**Directions for this task**
Below is a listing; give only the number of its lines that contain the word "video".

**Given records**
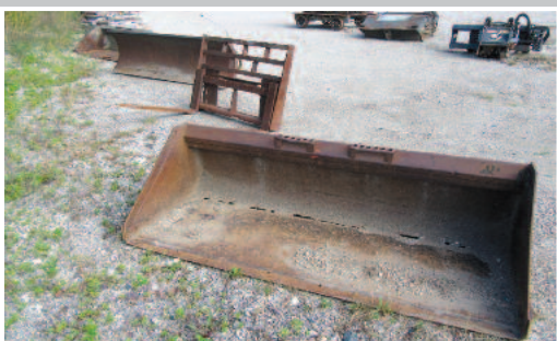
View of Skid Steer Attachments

==

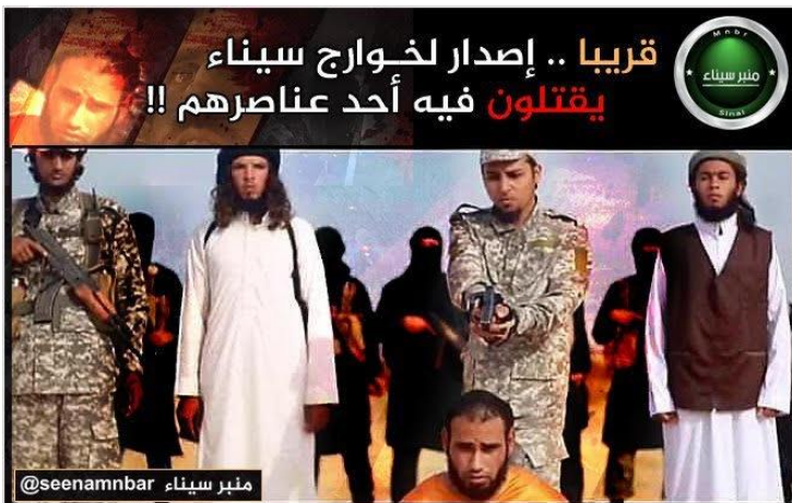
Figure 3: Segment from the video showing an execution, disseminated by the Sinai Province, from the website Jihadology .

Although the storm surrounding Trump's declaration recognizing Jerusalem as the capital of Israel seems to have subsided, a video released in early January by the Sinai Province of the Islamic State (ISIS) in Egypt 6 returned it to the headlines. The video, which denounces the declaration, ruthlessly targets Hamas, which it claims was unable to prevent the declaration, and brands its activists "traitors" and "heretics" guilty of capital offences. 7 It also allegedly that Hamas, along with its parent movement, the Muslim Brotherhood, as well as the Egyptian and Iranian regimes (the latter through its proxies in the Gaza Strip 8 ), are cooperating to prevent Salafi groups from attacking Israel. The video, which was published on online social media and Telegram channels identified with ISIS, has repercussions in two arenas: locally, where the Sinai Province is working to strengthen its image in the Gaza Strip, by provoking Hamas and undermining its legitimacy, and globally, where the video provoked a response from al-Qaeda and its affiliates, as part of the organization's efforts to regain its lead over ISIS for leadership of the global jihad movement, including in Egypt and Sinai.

**Solution to the problem**
2